My take on the honest caveat
The nullable FK problem I described earlier is exactly where I want to see how RDL behaves. When I flatten a schema that has optional FK relationships, I make a deliberate choice about how to encode the absence. That choice is mine, it’s visible, and I can inspect its effect on the downstream model.
The paper’s answer is that the GNN learns what to do with missing signal from training data. A row with a null FK simply has no edge in the REG. The GNN sees the absence structurally.

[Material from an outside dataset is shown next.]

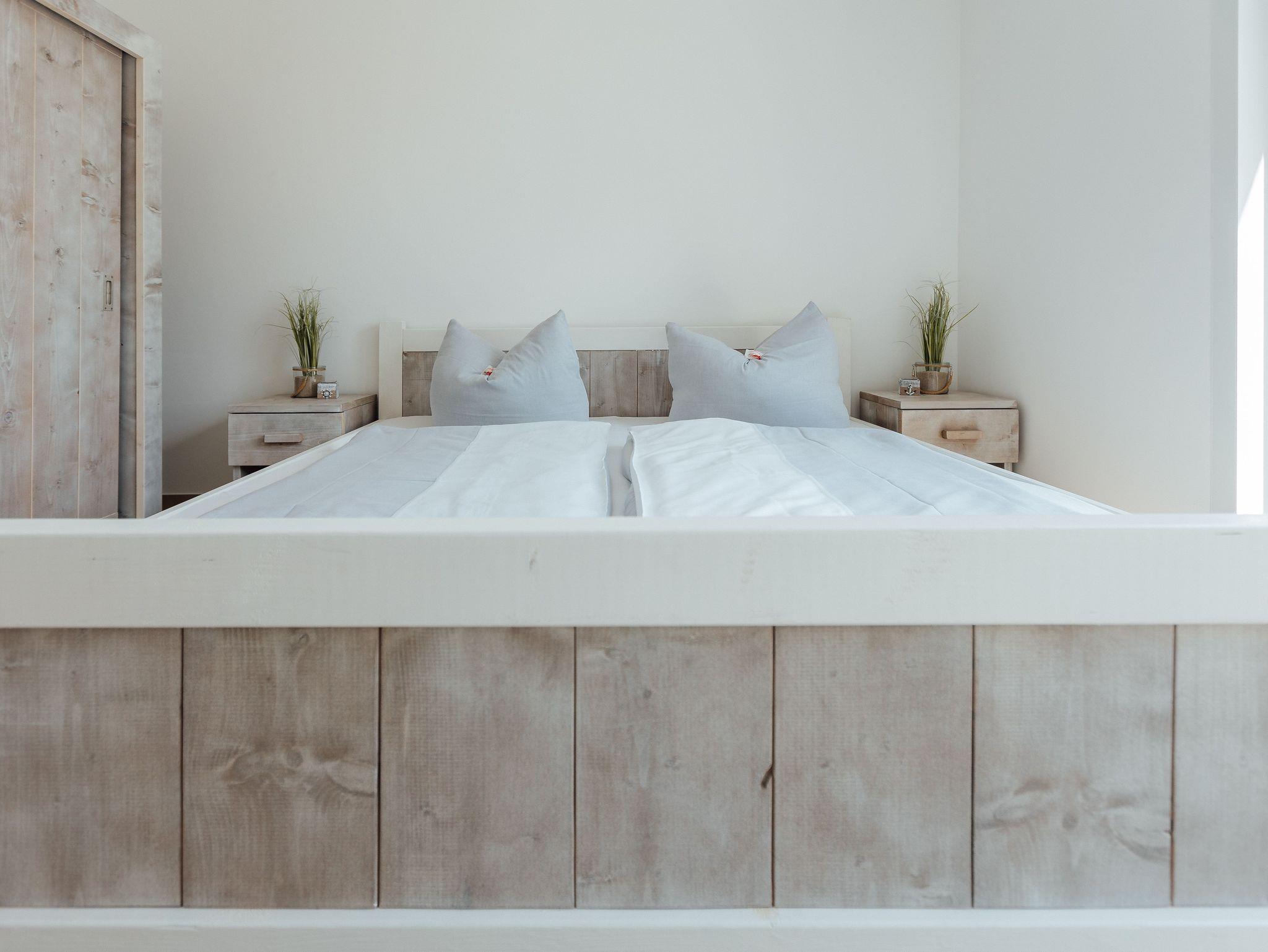 Die Ferienwohnung Inselblick bietet Platz für bis zu vier Personen. Sie ist auf zwei Etagen aufgeteilt. Im Erdgeschoss gibt es einen offenen Wohn- und Küchenbereich mit Essplatz und Zugang zur Terrasse. In der oberen Etage befinden sich ein Schlafzimmer mit Doppelbett, ein Schlafzimmer mit zwei EInzelbetten und ein Badezimmer mit Dusche und WC. Alle Einzelbetten haben jeweils eine Größe von 80x200 cm.

Maybe. What I need from an RDL implementation to trust that answer is logging: being able to see what the model is doing with those absent edges and validate it against my expectations. That inspection surface is the difference between trusting a new system and hoping it does what you think it does.
The paper does not prescribe how to handle dimension table rows that lack timestamps. The framework assumes FK declarations are correct and complete. Neither of these is consistently true in production databases I have worked with. These are not fatal objections to the approach. They are the things I want to watch as I start to explore more papers in this space.
What comes next
The questions this paper left open are the questions the series exists to track.
The most practically important: does RDL beat XGBoost plus a well-configured automated feature engineering pipeline under fair conditions? Not “manual SQL from scratch” as the paper implies, but a real baseline where a skilled data scientist uses Featuretools-style tooling with domain knowledge.
The open question I keep coming back to is the one the paper does not address at all: how does RDL behave when the schema is messy? Nullable FKs, undocumented relationships, denormalized tables where FK logic lives in application code rather than database constraints. Every production database I have worked with has at least some of this.
The Relational Entity Graph, the schema graph, the training table, the temporal neighborhood, the temporal leakage problem are the words I’m adding to my lexicon.